There’s another subscription that’s more interesting: 3DaaS Plus. This includes not only the basic materials and support services of the base subscription, but adds hardware integration. In other words, it sounds like you could very quickly get going with HP 3D printing equipment without having to lay out big cash for acquiring the equipment itself. Instead, you’d pay by subscription for the entire package of HP hardware, software, consumables and service.

The 3DaaS Plus service seems much like a lease, where no capital is paid up front, and the customer simply pays a monthly amount. But in this case the amount is variable because it includes an additional financial component related to the amount of printing that takes place.

3DaaS Acceptance?

I suspect many corporate clients would very much prefer this form of business model, as it relieves them from the financial burden of finding acquisition capital. That’s often quite challenging in large companies because large capital numbers attract unwanted attention from those above in the management hierarchy, and it’s often easier to slide a much smaller monthly payment into the budget.

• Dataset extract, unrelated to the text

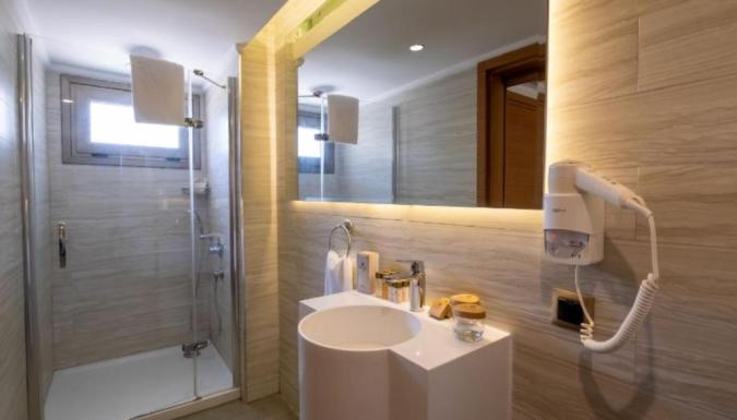 В каждом номере установлен кондиционер и мини-бар, а также обустроен балкон и гостиный уголок. Собственная ванная комната оборудована душем и укомплектована феном. Из окон открывается вид на сад и море.

It’s for this reason some companies lease equipment even though that is, in the long run, more expensive to do. HP is attempting to capitalize on this effect and they should be successful. It should be very interesting to see how the market perceives this new offering.

HP also announced new members to their expanding HP Digital Manufacturing Network, a consortium of 3D print services worldwide that offer MJF technology to business. The new members include Prototal in Europe and Solize in Japan. It’s not clear how many players are now in the HP network, but it seems to be growing constantly.

[UPDATE] HP informs us they currently have nine members in the network, including:

  • Forecast 3D

  • Jabil

  • Prototal

  • GKN Powder Metallurgy

  • Materialise

  • Solize

  • GoProto

  • Parmatech

  • ZiggZagg NV

HP 3D Printing Technical Developments

On the technical side, HP’s collaboration with Siemens at the Siemens Additive Manufacturing Experience Center was used by EDAG Inc., a well-known designer of high-end automotive parts, to develop an advanced active coolant distributor for an EV. This part’s design process used topology optimization, and demonstrates the value of a competency center such as the Siemens facility, where clients can get access to expertise, equipment and materials to perform additive manufacturing experiments.

One of HP’s materials partners, Lubrizol, a noted chemical company, has developed a new flexible TPU material for use in HP 4200 equipment. This is an example of HP’s materials partner program, which helps third parties develop unusual materials for use with HP’s MJF technology.

Finally, HP has struck a deal with AM Solutions to provide automated surface finishing services for parts produced on HP equipment. The partnership provides for a simplified post-processing workflow for operators.

HP 3D Printing Growth

That’s quite a bit of news from HP, and it shows the company continues to drive their technology very hard. HP says in the last 12 months their equipment has produced more than 18M parts. If that isn’t production volumes, I don’t know what is.

It’s been a long journey for HP to get to this point. I first saw their experimental forays into 3D printing years ago when they became, for a time, a reseller of Stratasys equipment. But after learning about the industry they went back to their labs and developed their own 3D printing process.

It was years before they launched it, but now that it’s been out for a few years it has really taken hold and is being used extensively by many clients.